Nay so entire is the custom, that the very same idea may be annext to several different words, and may be employed in different reasonings, without any danger of mistake. Thus the idea of an equilateral triangle of an inch perpendicular may serve us in talking of a figure, of a rectilinear figure, of a regular figure, of a triangle, and of an equilateral triangle. All these terms, therefore, are in this case attended with the same idea; but as they are wont to be applied in a greater or lesser compass, they excite their particular habits, and thereby keep the mind in a readiness to observe, that no conclusion be formed contrary to any ideas, which are usually comprized under them.

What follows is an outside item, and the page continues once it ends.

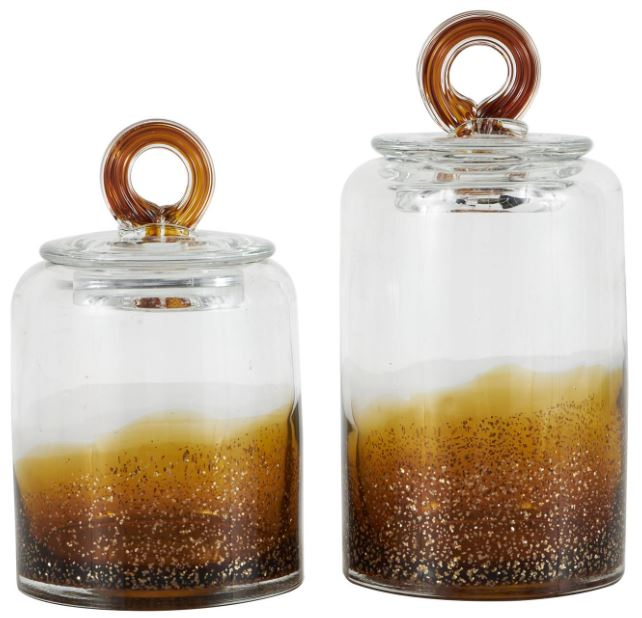 Round decorative storage jar set showcases a tinted brown finish that transitions seamlessly to a clear top, enhanced by the delicate gold flake details. This glass set of 2 decorative jars features gold flake details and resting lids for a modern aesthetic that blends easily into contemporary settings.

Before those habits have become entirely perfect, perhaps the mind may not be content with forming the idea of only one individual, but may run over several, in order to make itself comprehend its own meaning, and the compass of that collection, which it intends to express by the general term. That we may fix the meaning of the word, figure, we may revolve in our mind the ideas of circles, squares, parallelograms, triangles of different sizes and proportions, and may not rest on one image or idea. However this may be, it is certain that we form the idea of individuals, whenever we use any general term; that we seldom or never can exhaust these individuals; and that those, which remain, are only represented by means of that habit, by which we recall them, whenever any present occasion requires it. This then is the nature of our abstract ideas and general terms; and it is after this manner we account for the foregoing paradox, THAT SOME IDEAS ARE PARTICULAR IN THEIR NATURE, BUT GENERAL IN THEIR REPRESENTATION. A particular idea becomes general by being annexed to a general term; that is, to a term, which from a customary conjunction has a relation to many other particular ideas, and readily recalls them in the imagination.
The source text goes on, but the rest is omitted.